• **Exercise**
Images are to be omitted, and the rest of the records reproduced exactly.

[Data extracted from a collection]
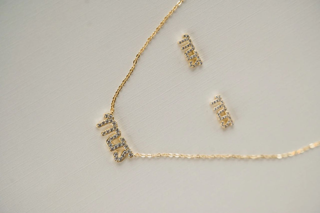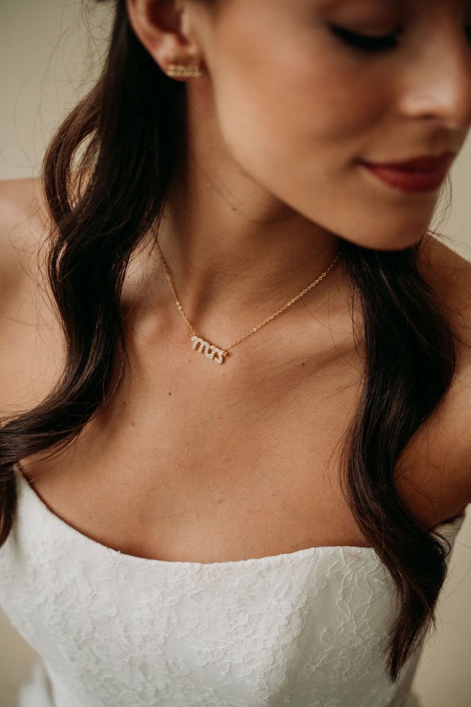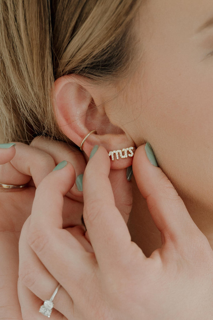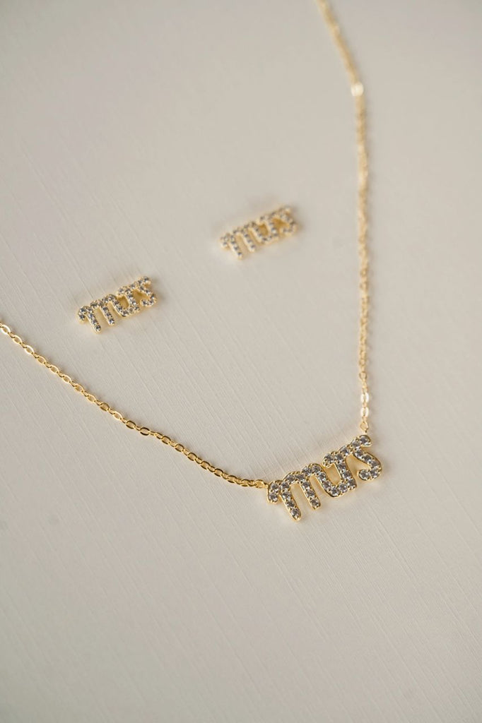 Say "I do" to these petite MRS stud earrings! Adorned with micro-pave crystals, they're the perfect accessory for any bride-to-be's big day and honeymoon. Available in a coordinating necklace.
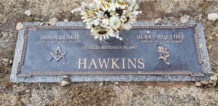 John Leach Hawkins & Jerry Ruethel Berry stone on Find A Grave from Janie Healer Davis.
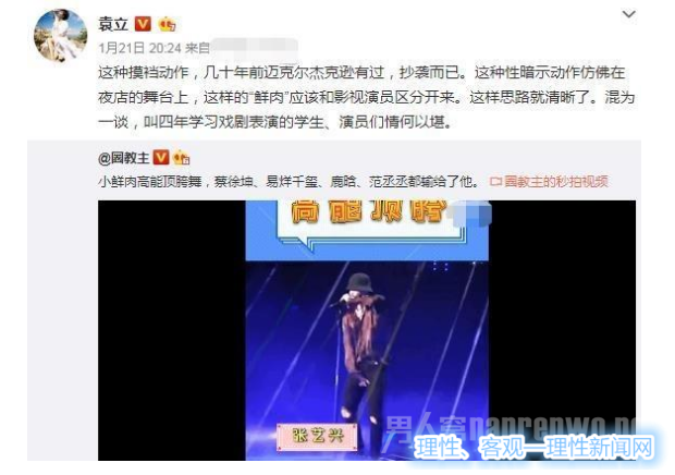 一石激起千层浪,男爱豆的粉丝们表示看不惯袁立这满满的优越感,“影视演员”拍裸露镜头是为艺术献身,怎么男艺人跳舞就是性暗示?也有网友对表示支持,认为“小鲜肉”的粉丝群体较为年轻,有些舞蹈动作确实不太合适容易误导小朋友,致敬经典应该适度。
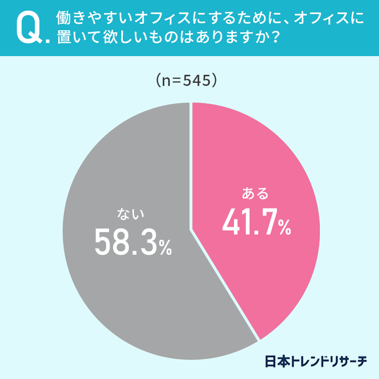 41.7%の方が、働きやすいオフィスにするためにオフィスに置いて欲しいものが「ある」と回答しています。
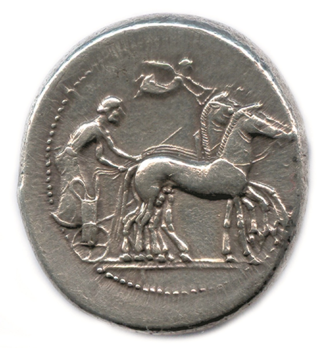 R/. Bige de chevaux conduit au pas à droite par un aurige et couronné par une Victoire.
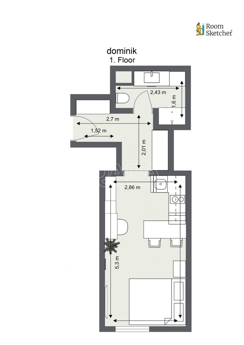 Byt je ve velmi dobrém stavu a má praktické uspořádání – menší rohová kuchyň s barovým pultem je propojená s obývacím pokojem. Dále je zde chodba ze které se dostanete do koupelny se sprchovým koutem a WC. Byt je připravený na bydlení či pronájem, bez nutnosti investic. Velkou výhodou je klimatizace, podlahové vytápění v koupelně a vybavení bytu (viz. fotografie) které je součástí prodeje.
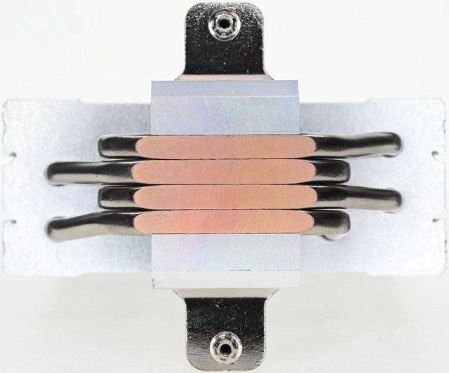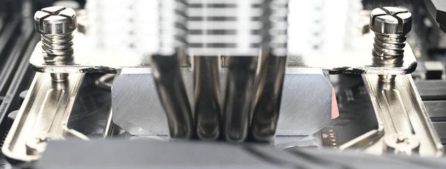 ▼處理器接觸面採熱導管直觸設計,4支外觀鍍鎳的熱導管削平,露出銅原色
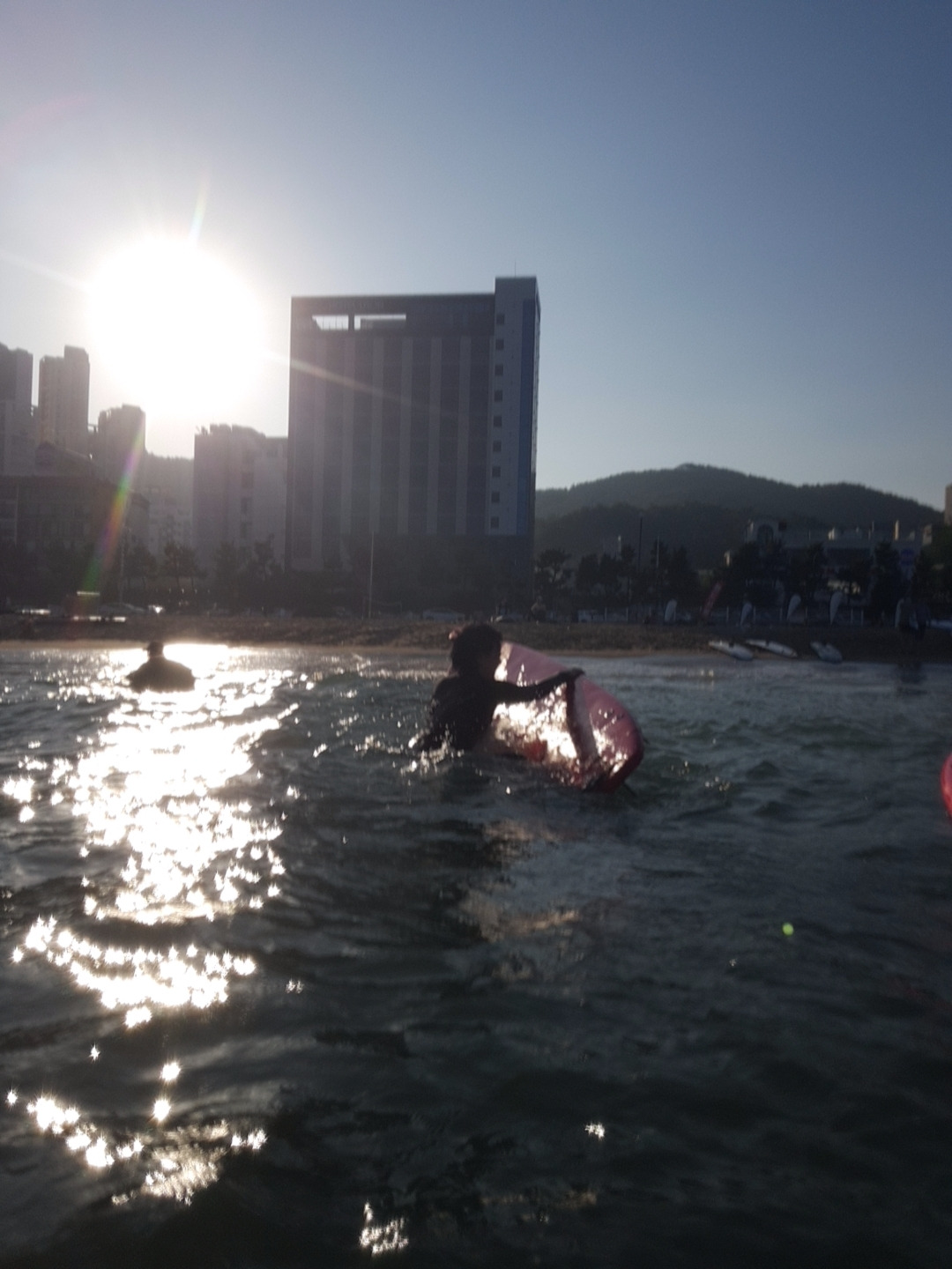 어둠의 세력들은 순조로이 서핑 강습을 받았다. 오후 6시가 지나니 해수욕하는 사람들이 빠지고 서핑을 하는 사람들만 남았다. 혹시 그 광경을 본 적이 있는가. 구글에 '서핑'이라고 치면 뜨는, 웃통을 벗은 서핑 보이가 원통형 파도를 촤하악 가르는 모습과는 크게 다르다. 보드 위에 일어서는 것 이상 진도를 나가지 못한 다수의 서핑 초보들이 보드에 배를 깔고 엎드려 나뭇잎에 붙은 송충이처럼 흔들흔들 거리는 게 주된 풍경이다. 하지만 그것만으로도 굉장히 재미있기 때문에 우리는 저녁 7시까지 그러고 놀았다.

• **Result for this exercise**
 Say "I do" to these petite MRS stud earrings! Adorned with micro-pave crystals, they're the perfect accessory for any bride-to-be's big day and honeymoon. Available in a coordinating necklace.
 John Leach Hawkins & Jerry Ruethel Berry stone on Find A Grave from Janie Healer Davis.
 一石激起千层浪,男爱豆的粉丝们表示看不惯袁立这满满的优越感,“影视演员”拍裸露镜头是为艺术献身,怎么男艺人跳舞就是性暗示?也有网友对表示支持,认为“小鲜肉”的粉丝群体较为年轻,有些舞蹈动作确实不太合适容易误导小朋友,致敬经典应该适度。
 41.7%の方が、働きやすいオフィスにするためにオフィスに置いて欲しいものが「ある」と回答しています。
 R/. Bige de chevaux conduit au pas à droite par un aurige et couronné par une Victoire.
 Byt je ve velmi dobrém stavu a má praktické uspořádání – menší rohová kuchyň s barovým pultem je propojená s obývacím pokojem. Dále je zde chodba ze které se dostanete do koupelny se sprchovým koutem a WC. Byt je připravený na bydlení či pronájem, bez nutnosti investic. Velkou výhodou je klimatizace, podlahové vytápění v koupelně a vybavení bytu (viz. fotografie) které je součástí prodeje.
 ▼處理器接觸面採熱導管直觸設計,4支外觀鍍鎳的熱導管削平,露出銅原色
 어둠의 세력들은 순조로이 서핑 강습을 받았다. 오후 6시가 지나니 해수욕하는 사람들이 빠지고 서핑을 하는 사람들만 남았다. 혹시 그 광경을 본 적이 있는가. 구글에 '서핑'이라고 치면 뜨는, 웃통을 벗은 서핑 보이가 원통형 파도를 촤하악 가르는 모습과는 크게 다르다. 보드 위에 일어서는 것 이상 진도를 나가지 못한 다수의 서핑 초보들이 보드에 배를 깔고 엎드려 나뭇잎에 붙은 송충이처럼 흔들흔들 거리는 게 주된 풍경이다. 하지만 그것만으로도 굉장히 재미있기 때문에 우리는 저녁 7시까지 그러고 놀았다.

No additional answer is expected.